キュッリッキの過去を調べ上げたのはアルカネットだったが、知り得ている情報と照らし合わせても、映像で見せられるとより辛い。胸が締め付けられるほど苦しくなり、アルカネットは荒く息を吐き出した。
「リッキーさんの苦しみは、こんなものではないのでしょうね…」
これまでどれほどの痛みを心に受けていたのだろうと思うと、アルカネットはやりきれない思いでいっぱいになった。
「子供の時分にこれだけ辛酸な目にあっていれば、立ち直るのは難しいだろう。だが、このままだと、どこへ行っても居場所を失う」
「荒れ方からすると、ほとんど無意識に感情が迸っているような感じでしたね」
「うん。そして正気に戻れば、深い後悔ばかりだ。自分で自分を傷つけている」
「ふむ」
深沈するように俯いたシ・アティウスを見ながら、ベルトルドは腕を組んで小さなため息をついた。
「あれでは遠からず、壊れてしまうだろう。もう限界が見えている。なんとかしてやりたい」
そこで、とベルトルドはデスクに座って脚を組む。
「俺に全部任せろ」
唐突に胸をバンッと叩き、どこから湧いてくるんだろうと思うような自信を顔に貼り付けて、ベルトルドは傲然と言い放った。

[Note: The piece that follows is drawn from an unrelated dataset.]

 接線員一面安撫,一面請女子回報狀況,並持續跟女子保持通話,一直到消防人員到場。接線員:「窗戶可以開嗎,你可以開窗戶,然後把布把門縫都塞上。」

とてつもなく無表情なシ・アティウスと、胡乱げに目を眇めるアルカネットに見つめられ、ベルトルドは「なによ」と頬を引きつらせる。
たっぷりと間が空いたあと、アルカネットが深々としたため息をつく。
「偉そうに何を言うかと思えば…。それこそ過去女性問題で、私がどれほど尻拭いさせられたか、アナタ忘れてないでしょうね?」
「救うより遊んで捨てる方が得意なのだと、ずーっと思っていました」
「おまえらな…」
ベルトルドは腕を組んで、ふくれっ面のままそっぽを向いた。
「俺はリッキーに恋をしているんだ。愛している。本気でな」
「へー」
シ・アティウスが棒のような声でツッこむ。キリッと決めたところへ薄い反応が返され、ベルトルドの表情がガックリと歪んだ。

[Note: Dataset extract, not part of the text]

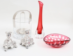 glas och rostfritt stål, höjd 20, diameter 14, skål signerad Boda, längd 18, vas rosatonat glas, höjd 28, 1 par ljusstakar rokokostil, pläter

「へーとか言うな、へーとかっ! たいがい無礼だなお前は!」
「失礼、心の声がつい」
「ぐぎぎ」
ベルトルドは噛み付きそうな顔をシ・アティウスに向けたが、涼しくスルーされた。
2人の様子を呆れ顔で見つめながら、アルカネットはさてどうしたものかと思案し始めた。
幼い頃から傷つき続けているキュッリッキの心を救い、癒すためには、それ以上の優しさと愛がなければダメだ。
「負けませんよ…」
シ・アティウスに噛み付き続けるベルトルドの顔を、アルカネットは目を細めて睨みつけた。